What the task requires: Please set down only the lines below starting with the line with "Het Artebene notitieboek" and going on through the line with "50% polyester /", verbatim and without pictures.
━━━ Excerpted records ━━━
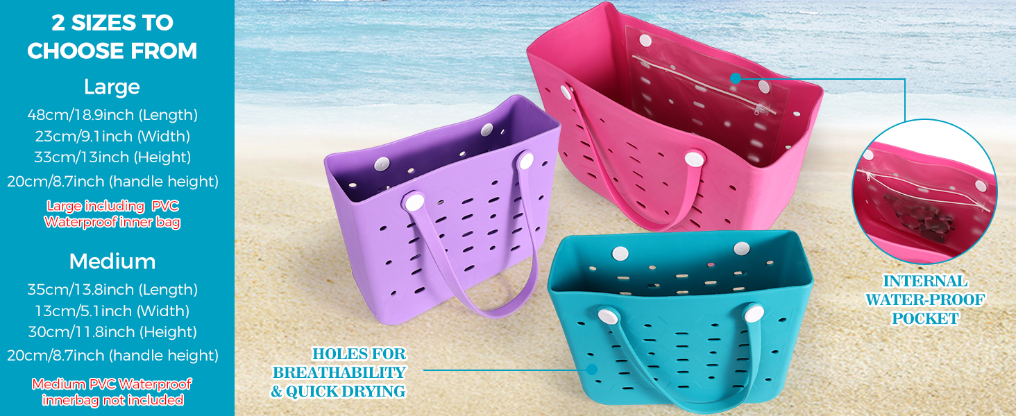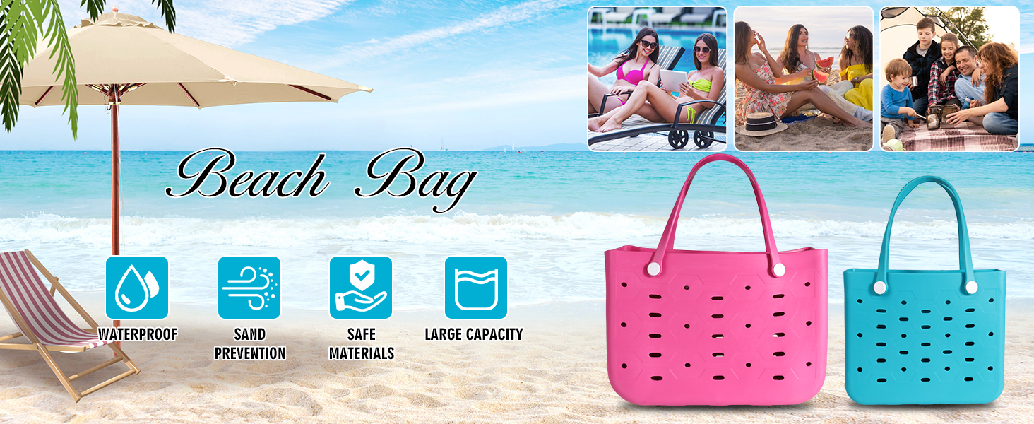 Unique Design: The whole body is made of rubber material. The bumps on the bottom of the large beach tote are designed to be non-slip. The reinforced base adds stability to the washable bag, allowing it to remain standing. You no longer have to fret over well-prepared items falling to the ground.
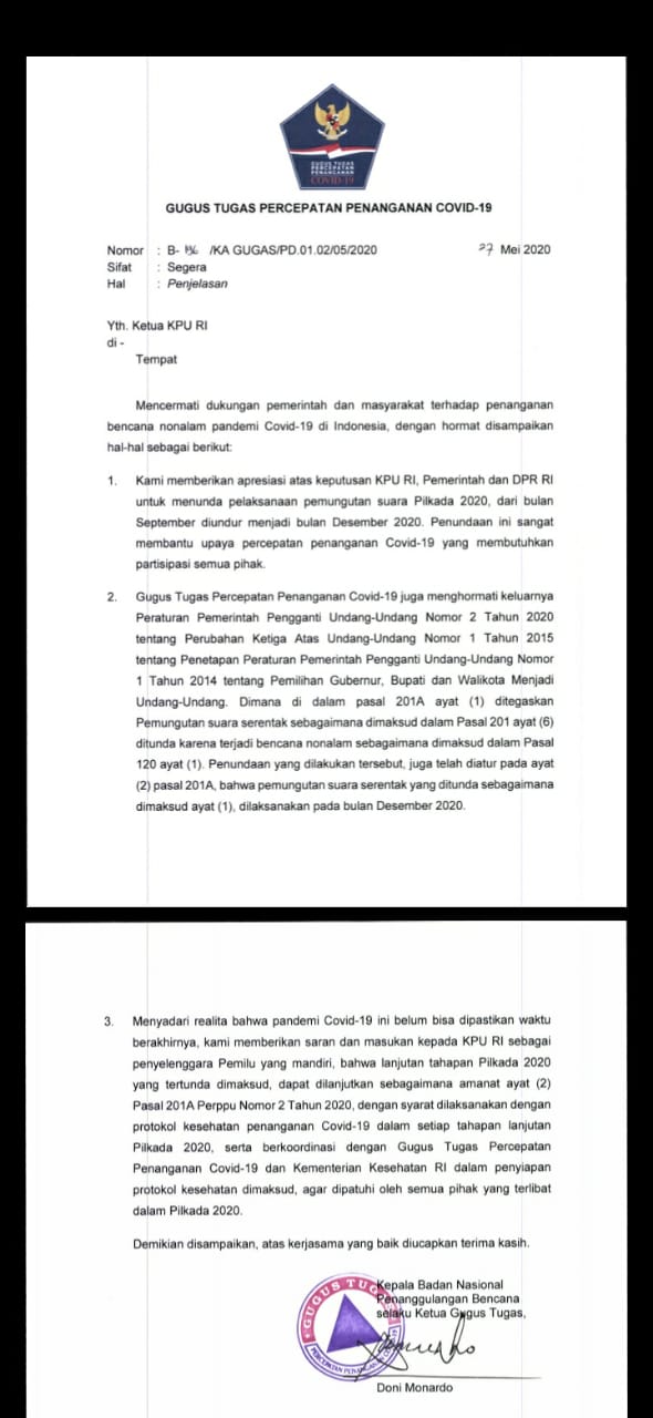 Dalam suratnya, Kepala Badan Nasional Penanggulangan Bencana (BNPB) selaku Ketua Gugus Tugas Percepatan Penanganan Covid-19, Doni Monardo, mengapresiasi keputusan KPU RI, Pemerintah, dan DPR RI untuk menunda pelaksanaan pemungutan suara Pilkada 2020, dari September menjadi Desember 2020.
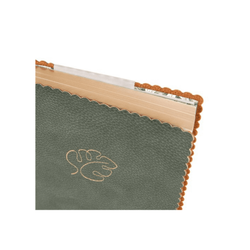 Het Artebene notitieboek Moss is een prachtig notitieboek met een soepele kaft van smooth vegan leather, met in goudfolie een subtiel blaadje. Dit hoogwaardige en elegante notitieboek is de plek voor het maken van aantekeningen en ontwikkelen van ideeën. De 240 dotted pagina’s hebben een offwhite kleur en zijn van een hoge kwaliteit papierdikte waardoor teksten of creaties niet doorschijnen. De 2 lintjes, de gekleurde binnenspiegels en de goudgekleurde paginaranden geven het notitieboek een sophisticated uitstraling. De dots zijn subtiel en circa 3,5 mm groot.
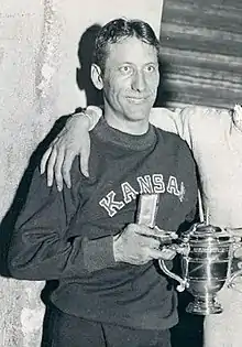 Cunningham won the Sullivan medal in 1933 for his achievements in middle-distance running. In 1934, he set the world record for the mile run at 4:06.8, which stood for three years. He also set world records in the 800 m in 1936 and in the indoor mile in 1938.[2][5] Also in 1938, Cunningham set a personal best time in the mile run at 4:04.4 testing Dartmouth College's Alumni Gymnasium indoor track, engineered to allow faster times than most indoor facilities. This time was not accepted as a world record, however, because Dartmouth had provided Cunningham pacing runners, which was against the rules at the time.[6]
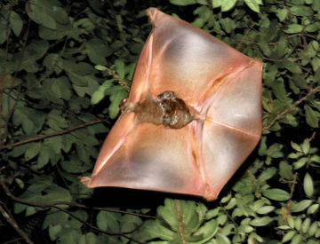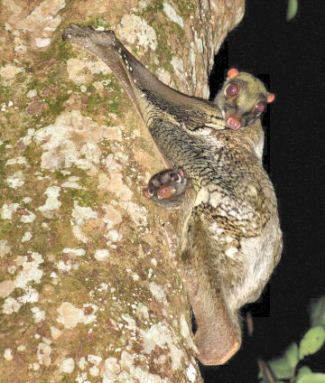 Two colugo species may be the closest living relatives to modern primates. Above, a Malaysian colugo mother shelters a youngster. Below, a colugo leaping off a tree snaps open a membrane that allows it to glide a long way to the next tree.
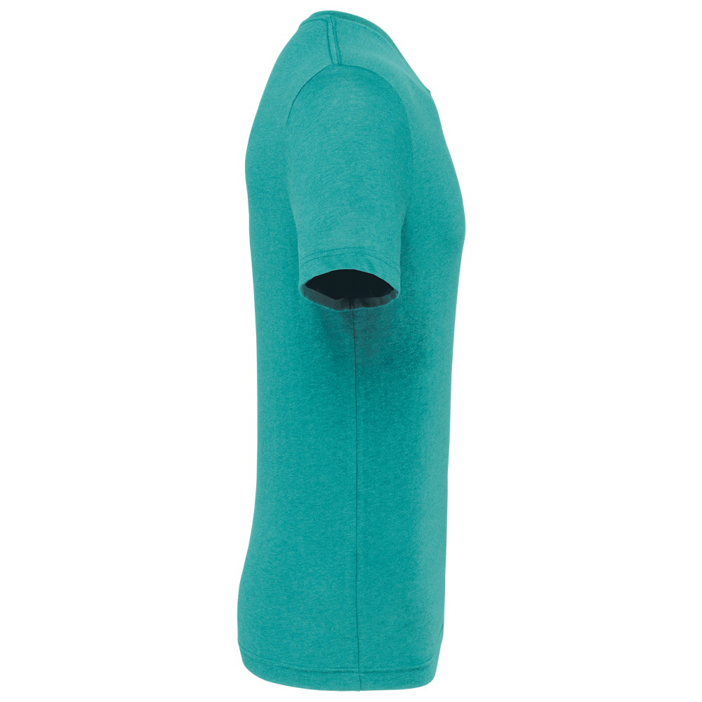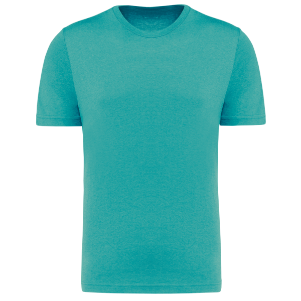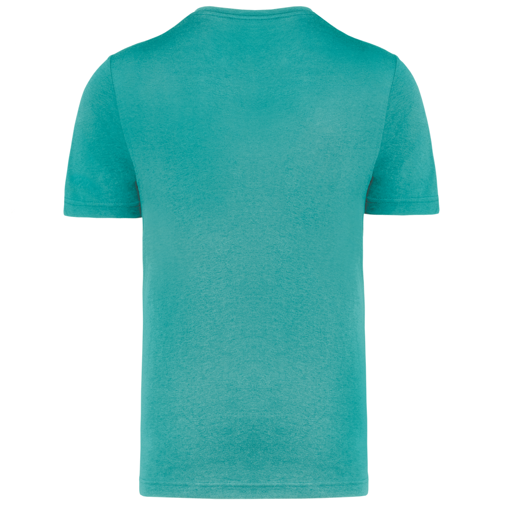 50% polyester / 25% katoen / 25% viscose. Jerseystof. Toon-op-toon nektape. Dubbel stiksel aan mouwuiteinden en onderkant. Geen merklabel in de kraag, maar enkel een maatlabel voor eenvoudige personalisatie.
━━━
━━━ Excerpted records ━━━
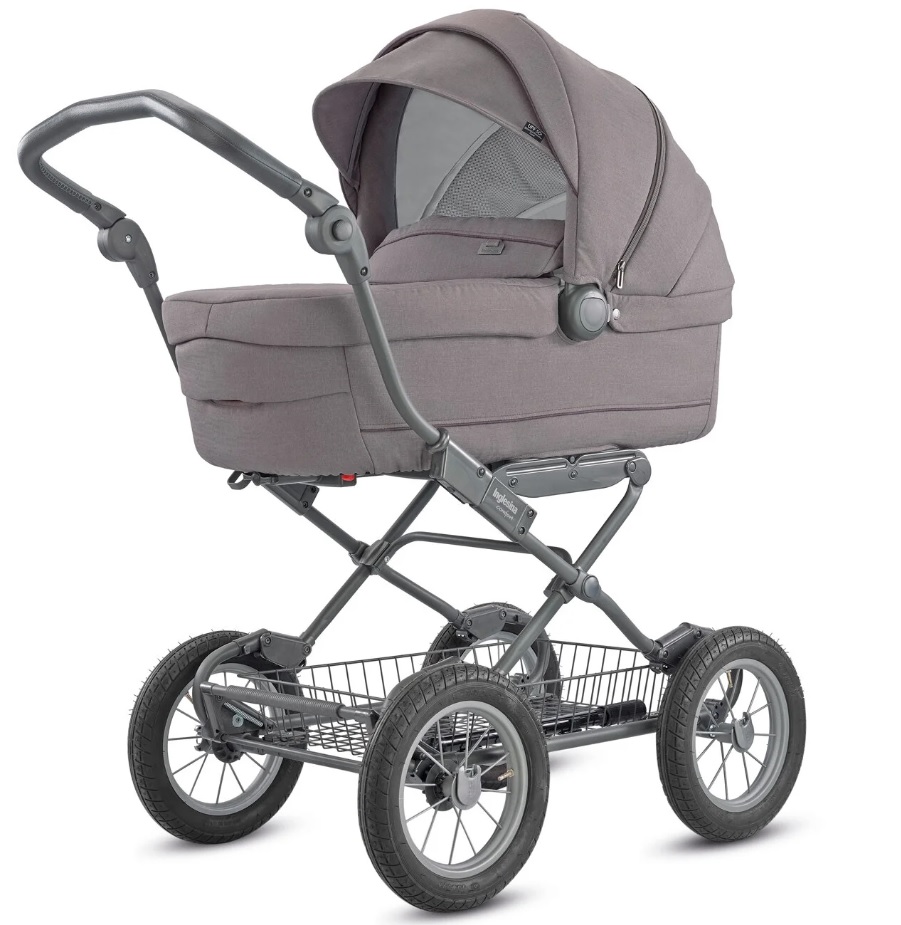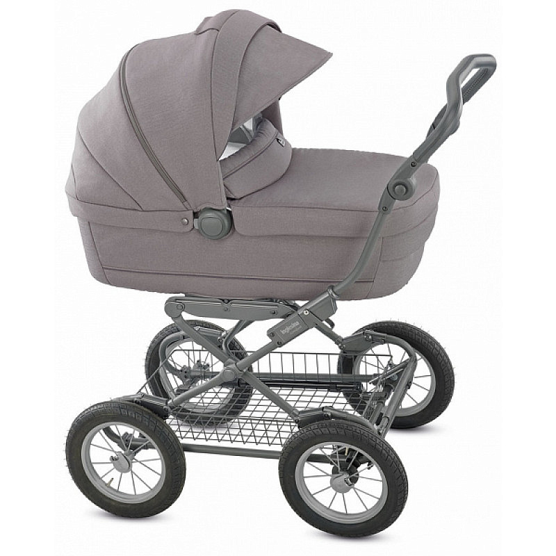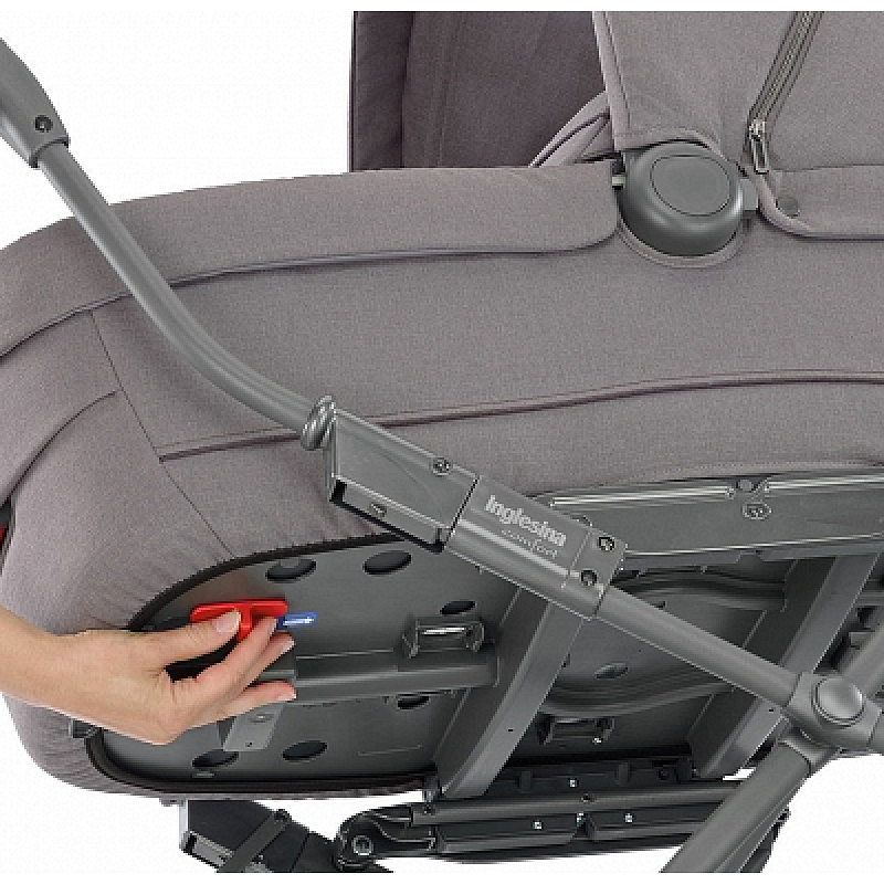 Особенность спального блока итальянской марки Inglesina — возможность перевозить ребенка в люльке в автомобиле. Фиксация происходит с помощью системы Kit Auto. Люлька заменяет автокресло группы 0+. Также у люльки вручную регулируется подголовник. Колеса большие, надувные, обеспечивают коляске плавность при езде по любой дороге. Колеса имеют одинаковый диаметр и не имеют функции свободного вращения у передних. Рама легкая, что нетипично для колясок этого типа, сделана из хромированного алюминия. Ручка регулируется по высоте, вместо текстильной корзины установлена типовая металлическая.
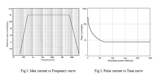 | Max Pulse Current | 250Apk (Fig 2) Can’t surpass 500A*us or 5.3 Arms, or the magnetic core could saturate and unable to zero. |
━━━
━━━ Excerpted records ━━━
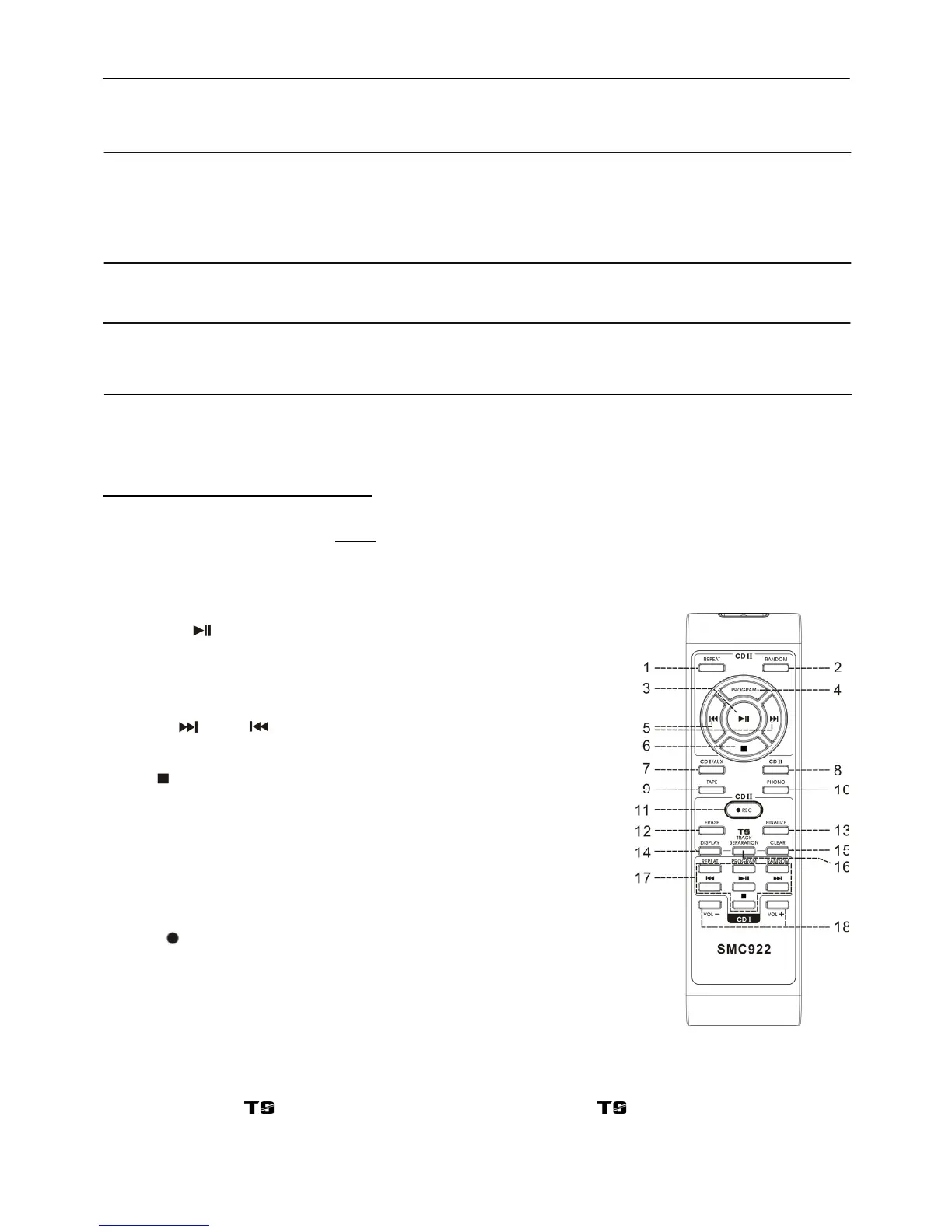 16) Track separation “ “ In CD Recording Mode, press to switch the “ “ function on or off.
━━━
Answer to this task:
 Het Artebene notitieboek Moss is een prachtig notitieboek met een soepele kaft van smooth vegan leather, met in goudfolie een subtiel blaadje. Dit hoogwaardige en elegante notitieboek is de plek voor het maken van aantekeningen en ontwikkelen van ideeën. De 240 dotted pagina’s hebben een offwhite kleur en zijn van een hoge kwaliteit papierdikte waardoor teksten of creaties niet doorschijnen. De 2 lintjes, de gekleurde binnenspiegels en de goudgekleurde paginaranden geven het notitieboek een sophisticated uitstraling. De dots zijn subtiel en circa 3,5 mm groot.
 Cunningham won the Sullivan medal in 1933 for his achievements in middle-distance running. In 1934, he set the world record for the mile run at 4:06.8, which stood for three years. He also set world records in the 800 m in 1936 and in the indoor mile in 1938.[2][5] Also in 1938, Cunningham set a personal best time in the mile run at 4:04.4 testing Dartmouth College's Alumni Gymnasium indoor track, engineered to allow faster times than most indoor facilities. This time was not accepted as a world record, however, because Dartmouth had provided Cunningham pacing runners, which was against the rules at the time.[6]
 Two colugo species may be the closest living relatives to modern primates. Above, a Malaysian colugo mother shelters a youngster. Below, a colugo leaping off a tree snaps open a membrane that allows it to glide a long way to the next tree.
 50% polyester / 25% katoen / 25% viscose. Jerseystof. Toon-op-toon nektape. Dubbel stiksel aan mouwuiteinden en onderkant. Geen merklabel in de kraag, maar enkel een maatlabel voor eenvoudige personalisatie.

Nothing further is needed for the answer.